From Code to Figure: A FAIR-Aligned Data Provenance Chain for Reproducible Simulation Research in Numerical Physics
Markus Uehlein, Tobias Held, Christopher Seibel, Lukas G. Jonda, Baerbel Rethfeld, and Sebastian T. Weber

TL;DR
This paper introduces an integrated workflow that enhances reproducibility and FAIR data principles in numerical physics simulations by linking code, data, and outputs through structured practices.
Contribution
It presents a comprehensive approach combining version control, testing, logging, and metadata to improve traceability in simulation research.
Findings
Workflow supports reproducibility in numerical physics simulations.
Concepts are broadly applicable beyond the specific framework.

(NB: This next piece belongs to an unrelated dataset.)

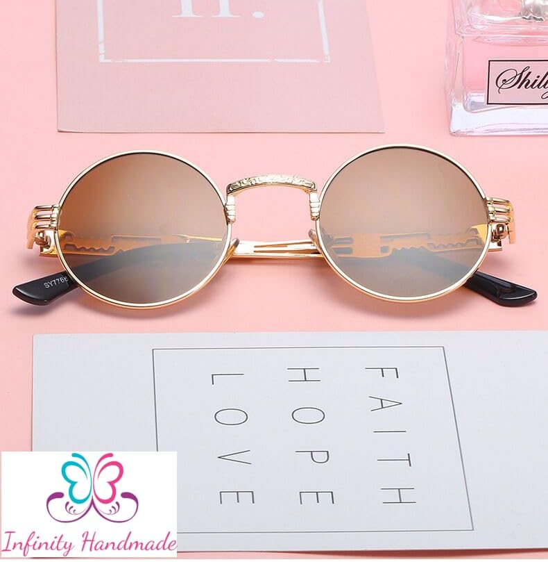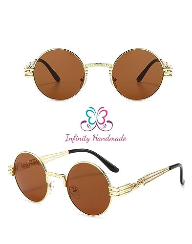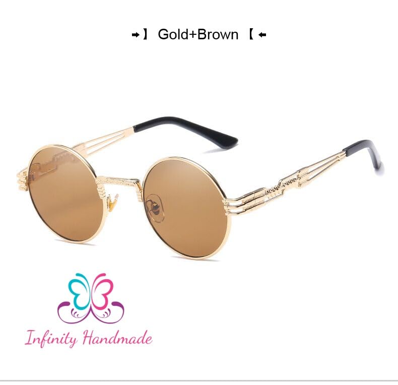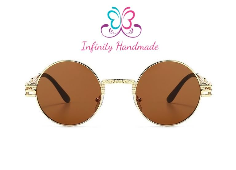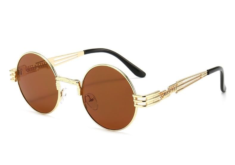 Generic - نظارات شمس دائرية معدنية بنمط ستيمبنك للرجال والنساء بأذرع زنبركية مزدوجة، عدسات ملونة بعامل حماية من الأشعة فوق البنفسجية UV400 بلون ذهبي وبني، صناعة يدوية

Enhances traceability from code to publication.
Abstract
Computational physics increasingly depends on large simulation datasets generated by software that remains under active development for many years. In such settings, reproducibility requires not only well documented data but also explicit links between code versions, simulation inputs, generated outputs, analysis steps, and published figures. Here, we present an integrated workflow for reproducible and FAIR-aligned simulation research in numerical physics. We describe how version control, code review, automated testing, structured logging, metadata-rich output, and standardized post-processing can be combined to support traceability from software development to publication. The presented concepts demonstrated for one particular simulation framework are broadly applicable to computational physics and other data-intensive areas of scientific computing.